2,089 patients were involved in this systematic review, and 12 eligible literatures were used to assess the clinicopathological and prognostic outcomes of VEGF’s families expression in gastric cancer patients. Among known VEGF family, VEGF-A (VEGF) is the most common frequently studied subtype in gastric cancer [31]. Numerous studies have evaluated the importance of VEGF-A over expression as an independent prognostic marker in gastric cancer patients; however, these studies have shown conflicting results [32- 35]. VEGF-A up-expression has been demonstrated in the recent meta-analysis as a poor prognosis factor in patients with gastric cancer regarding OS and DFS [11]. This systematic review used the Kaplan-Meier survival method to analyze the significant prognostic value of VEGF-A in GC. In gastric cancer,patients with high expression levels of VEGF-A showed poor prognosis compared to those with low expression levels of VEGF-A.
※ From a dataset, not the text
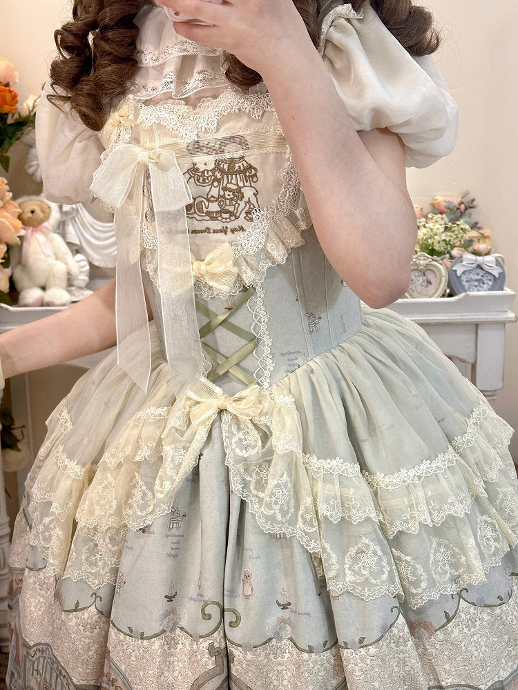 グリーン/ベージュのボーンウエストテディスイートロリータジャンパースカート

Different studies have demonstrated that there is no association between VEGF-B expression and prognosis outcomes; also VEGF-B expression and clinicopathological outcomes in gastric cancer patients [14,15]. One study, which analyzed the expression of both VEGF-A and VEGF-B showed that only VGEF-A was associated with prognosis and clinicopathological outcomes in patients with gastric carcinomas while no correlation was demonstrated in patients presented with the expression of VEGF-B [14].

The previous report has demonstrated that lymphatic system invasion (lymphatic tissue and lymph nodes) in gastric cancer was positive correlated with expression VEGF-C [16,17,21,22]. VEGF-C has been reported by Amioka et al. and Yanai et al. [21,37] as an important molecule in facilitating microvessel density and lymph node metastasis in gastric cancer, VEGF-C expression in GC was also found to associate with invasion of blood vessels [16,17].

Over expression of VEGF-D have been reported to have significant association with poor prognosis, lymphatic metastases and decreased survival in patients with gastric cancer; however, those patients with absence of VEGF-D expression in their gastric tissues had a favorable prognosis [29]. Meta-analysis was done and suggested that over expression of VEGF-C and VEGF-D in gastric cancer was associated with poor prognosis [36].

Conclusion

This systematic review demonstrated that overexpression of VEGF proteins, especially VEGF-A, C and D, in gastric cancer is associated with poor prognosis and clinicopathological outcomes and therefore, may be used as a prognostic marker (for prediction of prognosis outcomes) and predictive marker (for evaluation of clinicopathological findings, (e.g., TNM stage, size tumor, invasion to the lymph nodes and invasion to the lymphovascular system) in gastric cancer patients. We recommend that VEGF be a biological marker, and to be measured in all resected gastric cancer tissues for prediction of prognosis and clinicopathological outcomes of gastric cancer patients.

Limitations

The inclusion of only Asian populations in the studies may have excluded some information present in studies in non -Asia population. (2) Exclusion of studies published in a language other than English may exclude information needed in this review.

Acknowledgements

Special thanks go to Mrs Susan Lemnge for her technical help in the literature search and preparation of this review.